Андре Моруа - Семейный круг
Последующее разочарование оказалось тем глубже, чем радужнее были надежды. Те, что воевали, не оказались у власти. Корысть и невежество рыли между классами новые окопы. Мероприятия, которые должны были заложить основы счастья, подготавливали смуту и безработицу. Франция правая и Франция левая противостояли друг другу, преисполненные вражды. Небольшая группа студентов-социалистов, несмотря на всесильную оппозицию, устраивала собрания в честь Вильсона, потом в память Жореса. В эту группу входил и Пьер Менико. Любопытно, что из чувства дружбы за ним следовал и Эдмон Ольман, сын банкира, юноша тихого нрава. Они возвращались с этих сборищ с разорванной одеждой, причем Менико, хорошему игроку в регби, не раз приходилось бросаться в самую гущу схватки, чтобы спасти фетровую шляпу товарища.

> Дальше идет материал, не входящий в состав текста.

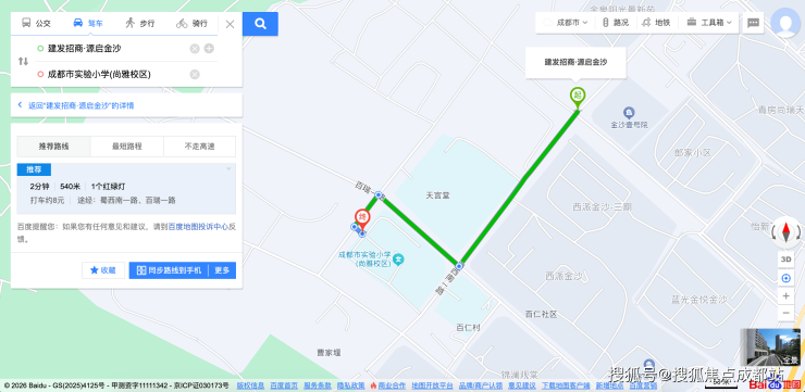 实测源启金沙到实验小学尚雅校区600米内

Дениза стала неразлучна с этими молодыми людьми и вместе с ними посещала политические собрания. Она приближалась к тому возрасту, когда на смену пессимистическому отрицанию юности приходит восторженное утверждение. Для нее были важны не столько правота защищаемых принципов, сколько пыл и задор их защитников. Как ни ценил Менико Денизу, он все же неохотно брал ее с собою в рабочие кварталы. В таком окружении она смущалась, ей было там явно не по себе. «Не рассматривайте так присутствующих, — говорил он ей вполголоса. — Вы говорите, что любите их, а не умеете стать с ними на равную ногу. Вы их слишком разглядываете. Будьте проще».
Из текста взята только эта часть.